--- What to produce ---
Could you retype the lines below, starting at the line holding "Isiah Thomas Detroit" and stopping at the line holding "Noch im Krankenhaus", inclusive? Copy them exactly and drop the images.

--- Records provided ---
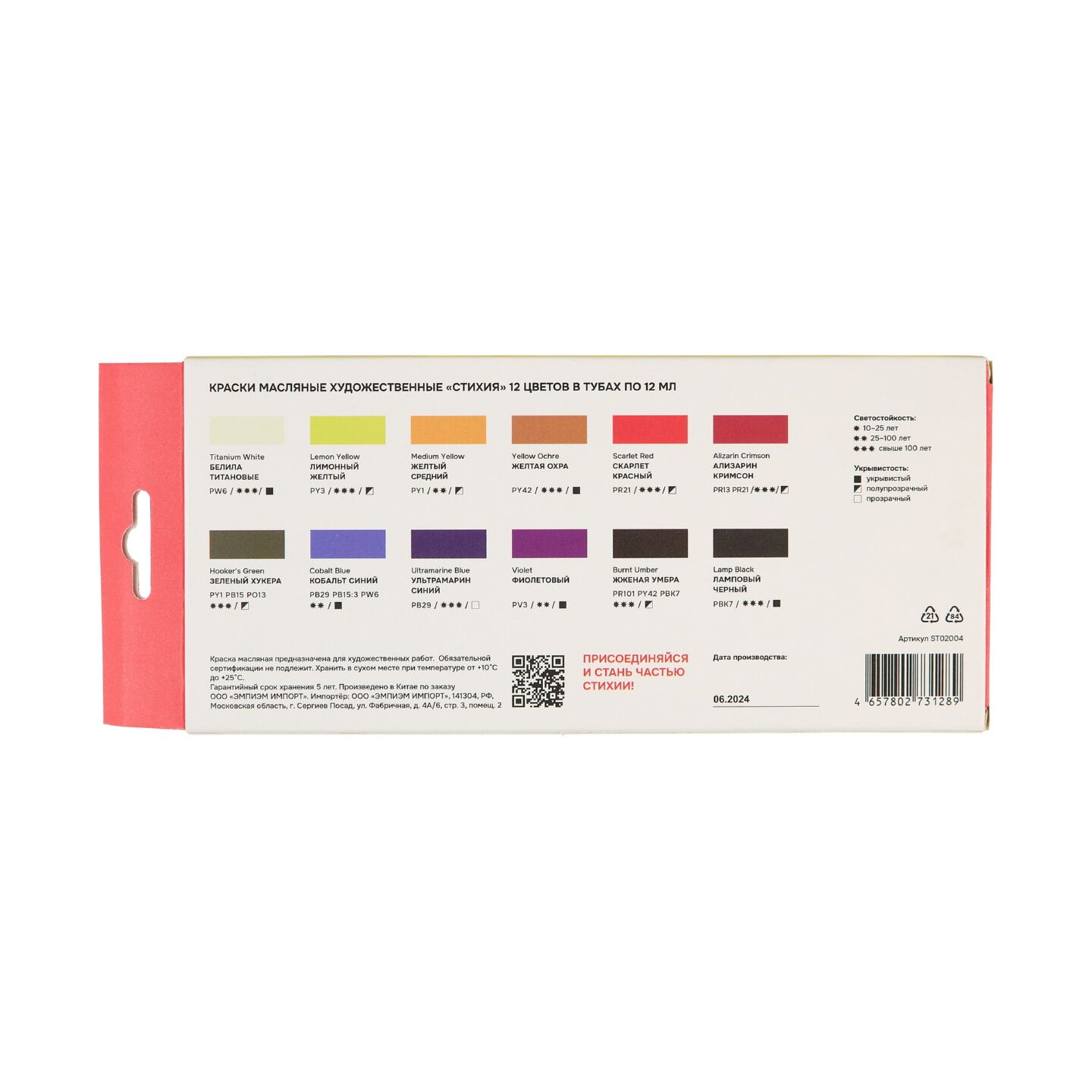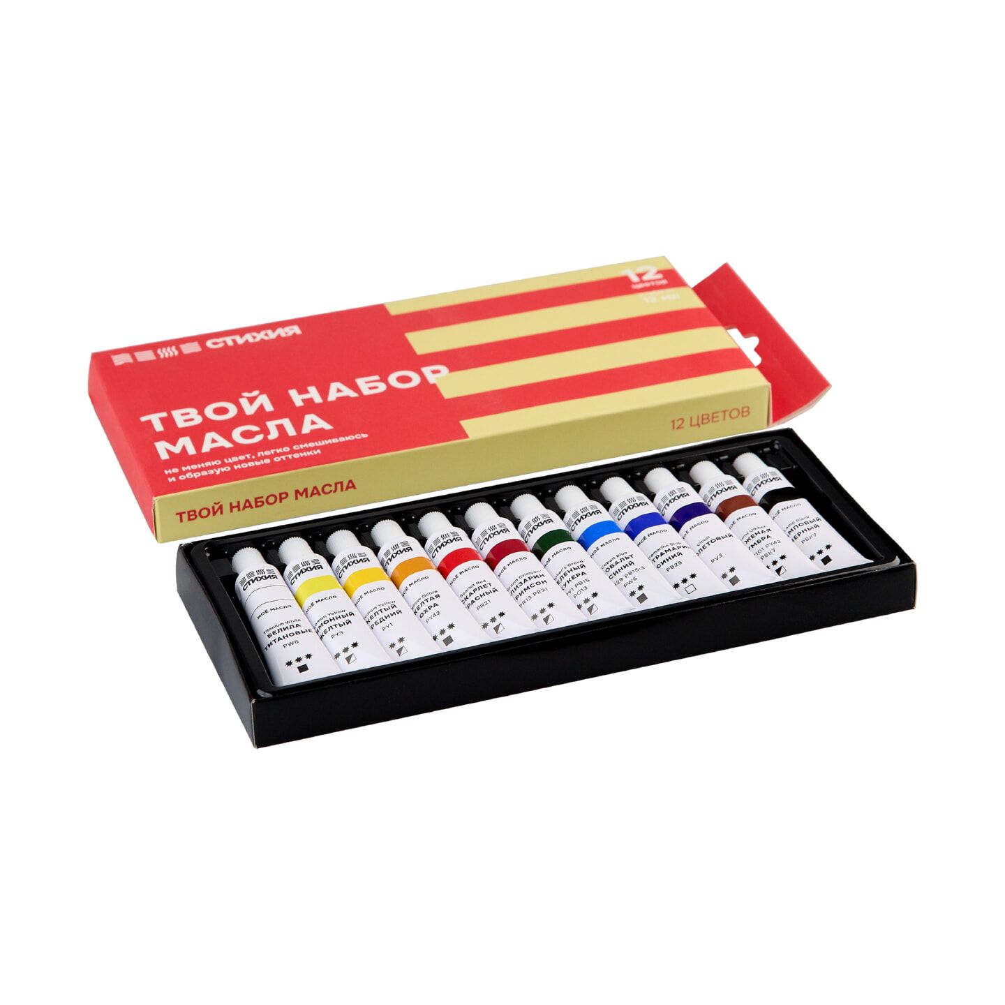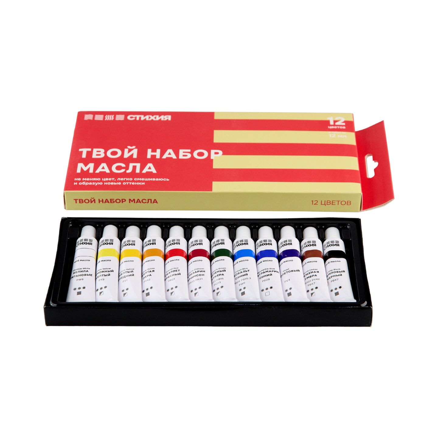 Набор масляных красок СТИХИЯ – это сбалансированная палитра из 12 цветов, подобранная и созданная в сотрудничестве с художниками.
* * *
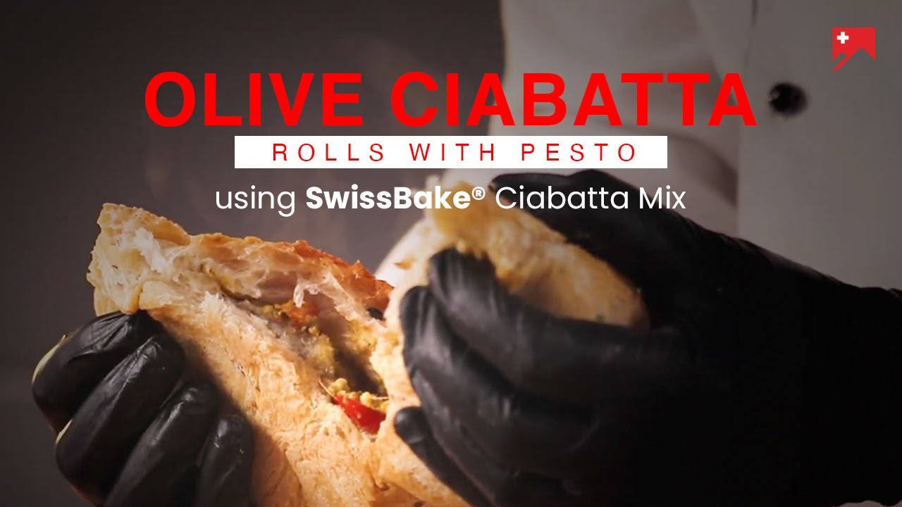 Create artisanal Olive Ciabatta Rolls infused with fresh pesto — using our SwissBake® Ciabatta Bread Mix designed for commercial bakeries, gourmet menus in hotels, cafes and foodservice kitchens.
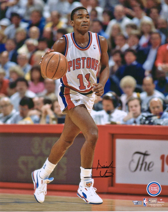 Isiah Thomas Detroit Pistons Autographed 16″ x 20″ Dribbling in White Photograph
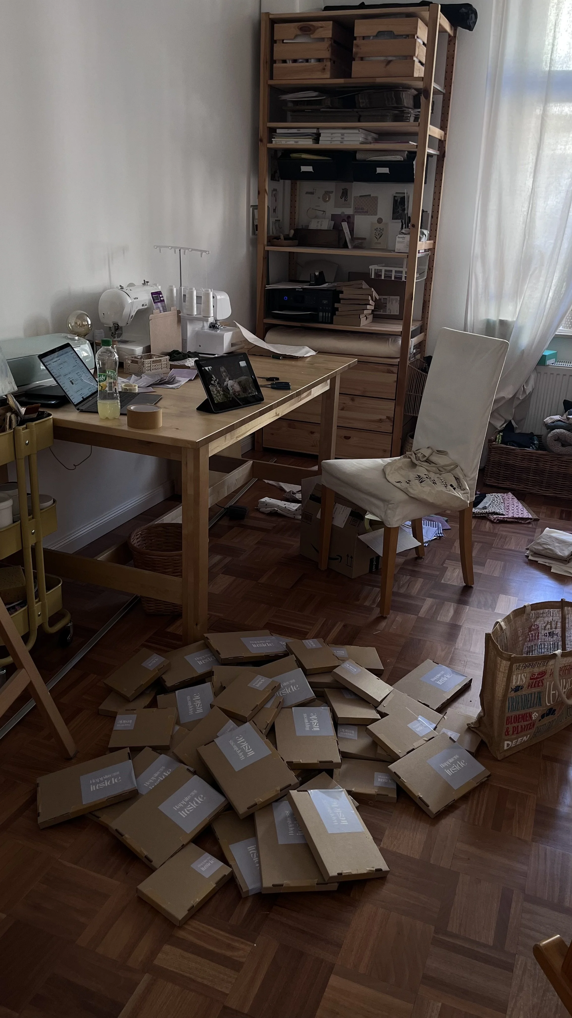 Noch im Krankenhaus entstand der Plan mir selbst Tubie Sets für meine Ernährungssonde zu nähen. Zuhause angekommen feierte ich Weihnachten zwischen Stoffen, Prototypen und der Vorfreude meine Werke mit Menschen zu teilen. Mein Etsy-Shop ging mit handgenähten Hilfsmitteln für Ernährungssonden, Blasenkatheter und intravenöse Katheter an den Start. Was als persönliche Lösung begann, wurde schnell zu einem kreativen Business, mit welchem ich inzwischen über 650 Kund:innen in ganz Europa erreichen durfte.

--- Exercise solution ---
 Isiah Thomas Detroit Pistons Autographed 16″ x 20″ Dribbling in White Photograph
 Noch im Krankenhaus entstand der Plan mir selbst Tubie Sets für meine Ernährungssonde zu nähen. Zuhause angekommen feierte ich Weihnachten zwischen Stoffen, Prototypen und der Vorfreude meine Werke mit Menschen zu teilen. Mein Etsy-Shop ging mit handgenähten Hilfsmitteln für Ernährungssonden, Blasenkatheter und intravenöse Katheter an den Start. Was als persönliche Lösung begann, wurde schnell zu einem kreativen Business, mit welchem ich inzwischen über 650 Kund:innen in ganz Europa erreichen durfte.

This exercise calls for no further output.